Священник прибавил ходу, миновал пятиэтажку и выскочил на проезжую часть. Далеко впереди, поперек дороги, сцепившись бамперами, стояли две легковушки. И одна из них была козелковская.
– Петров, ты справа! – услышал он. – Мирзоян! Возьмешь на себя этих!
Он снова ускорил ход. Там, впереди, что-то еще происходило. Раздалось пять или шесть одиночных выстрелов, затем автоматная очередь, за ней другая.
«Господи! Что они делают?! – недоумевал отец Василий. – Они же видят, что это машина министра!» И тут же увидел Ковалева. Начальник местной милиции стоял за кузовом пикапа и отдавал распоряжения в мегафон. Отец Василий бегом пересек дорогу, отшвырнул в сторону кинувшегося к нему милиционера и вцепился Ковалеву в рукав.
– Павел Александрович! Там Козелков!
– Отойдите, святой отец!
– В черной машине министр! Вы что не видите?!
– Сержант! Уберите его к чертовой матери! Мирзоян! Куда ты прешь?! Обходи!!!
Снова затрещали автоматные очереди. Кто-то закричал, отчаянно, жалобно. Отец Василий стряхнул с себя милицейского сержанта и снова вцепился в Ковалева.
– Что ты делаешь, Павел Александрович?! Там же Козелков с ребятами!
– Где?! – заорал ему в лицо Ковалев. – Что ты мелешь?! Ты же сам нас вызвал!
Земля дрогнула, и над сцепившимися бамперами машинами поднялся огненный гриб. В лицо священнику ударила горячая упругая волна, завизжала женщина, и даже Ковалев на секунду оторопел. Отец Василий стремительно огляделся.
– Вон!!! – заорал он. – За ларьком!!!
Прямо за окрашенным в ядовитый синий цвет пивным ларьком еще стоял мужчина в штатском с трубой в руках. Он кинул быстрый взгляд в сторону священника и скрылся за углом.
– Где?! Что?! – с ненавистью брызнул священнику в лицо слюной Ковалев.
– За ларьком только что стоял! Человек с гранатометом! Пошли туда людей!
– Уберите его! – завизжал Ковалев. – Сержант! Убери его от меня!!!
К отцу Василию снова кинулся сержант, и на этот раз священник уже не сопротивлялся. Все было кончено, а в машине уже, поди, догорали все, кто там был.
– Идемте, батюшка, идемте, – тащили его куда-то в сторону от дороги.
– Что это с ним?
– Не знаю, может, шок. Вон как в Ковалева вцепился. Отец Василий! Батюшка! Сюда смотрите.

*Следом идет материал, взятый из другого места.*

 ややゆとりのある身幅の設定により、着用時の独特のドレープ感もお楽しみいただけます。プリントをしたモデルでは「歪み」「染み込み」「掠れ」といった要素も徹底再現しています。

Вы в порядке?
– Спасибо, ребята, – собравшись с силами, кивнул священник. – Мне уже лучше.
– «Скорую» вызвать?
– Спасибо, не надо. Я уже все… отошел.
Вокруг полыхающих машин плотным кольцом уже стояли милиционеры, отгоняя пацанов и случайных свидетелей. Отец Василий еще немного посидел в милицейском «уазике», а потом вышел и потихоньку побрел к догорающим машинам. Его не стали удерживать.

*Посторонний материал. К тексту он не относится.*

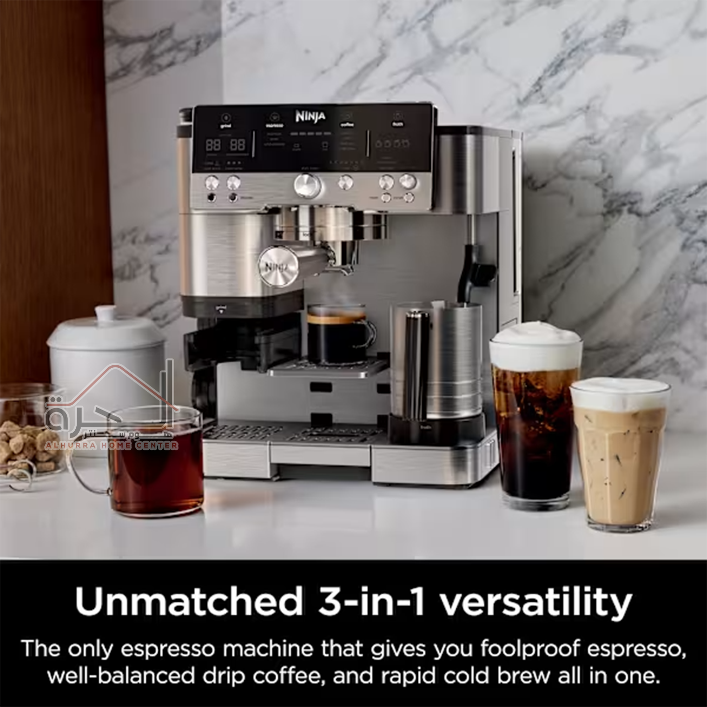 - متعددة الاستخدامات (3 في 1):يمكن استخدامها لتحضير الإسبريسو، والقهوة المثلجة، واللاتيه، والكابتشينو، وغيرها من المشروبات بفضل تقنياتها المتكاملة [1، 3].

Он прошел сквозь расступающихся перед ним милиционеров, но близко подойти оказалось невозможно, жар был как из доменной печи. Но даже на расстоянии было видно, что не спасся никто. Лишь начальник охраны Иван лежал на тающем асфальте, зацепившись ногой за порожек машины и противоестественно вывернув голову.
Священник закрыл лицо руками. Хороший, в общем, человек погиб только из-за того, что два мафиози не поделили сферу влияния. Отец Василий развернулся и побрел прочь от этого места. Сзади вовсю тянуло смрадом горящего винила, железа и человеческой плоти.

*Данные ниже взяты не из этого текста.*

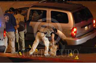 CIUDAD JUÁREZ, CHIHUAHUA, 01JULIO2010.- La Subprocuradora de Control de Asuntos Internos, Sandra Ivonne Salas y uno de sus escoltas fueron ejecutados sobre avenida De las Torres la noche de este miércoles. Otro de sus guardaespaldas resultó lesionado. La oficial de la Procuraduría General de Justicia en el Estado (PGJE), fue identificada oficialmente. La funcionaria con oficinas en Chihuahua realizaba tareas propias de su cargo en Ciudad Juárez y circulaba a bordo de una camioneta Durango, color blanco, por el crucero de las Torres y Jilotepec cuando fue acribillada junto con sus escoltas, al filo de las 21:15 horas. El herido fue hospitalizado en condición crítica, según los primeros informes. Varias armas largas, R-15 fueron encontradas dentro de la unidad, mismas que al parecer no alcanzaron a accionar los escoltas. FOTO: IGNACIO RUIZ/CUARTOSCURO.COM

«Безбожники! – твердил он. – Безбожники!»
Священник дошел до храма, поднялся по ступенькам и кинул взгляд в сторону. Отсюда, с высоты полутора метров, было видно – там, на крыше сарая, так и лежит отобранный им у киллера пистолет.
«Надо Ковалеву сдать, – машинально подумал он. – Чтобы пацанве в руки не попал. Или в ФСБ? А, впрочем, какая разница?!» Захотелось присесть. Впервые за много лет его не слушались ноги. Слишком велика была опасность смертоубийства в святом месте.
«Спасибо Тебе, Господи! – неожиданно для себя прослезился он. – Миловал!»
Он вошел в храм и остановился перед иконой Николая Чудотворца. У него не было сейчас никаких слов, но отец Василий искренне сожалел, что люди боятся задуматься о том, что они делают, ради чего губят свои и чужие жизни. Когда-то у него хватило отваги задуматься над этим, и теперь, если бы лично он мог что-нибудь изменить в своей жизни, он бы изменил очень многое. А они… они так и живут без веры и умирают без покаяния.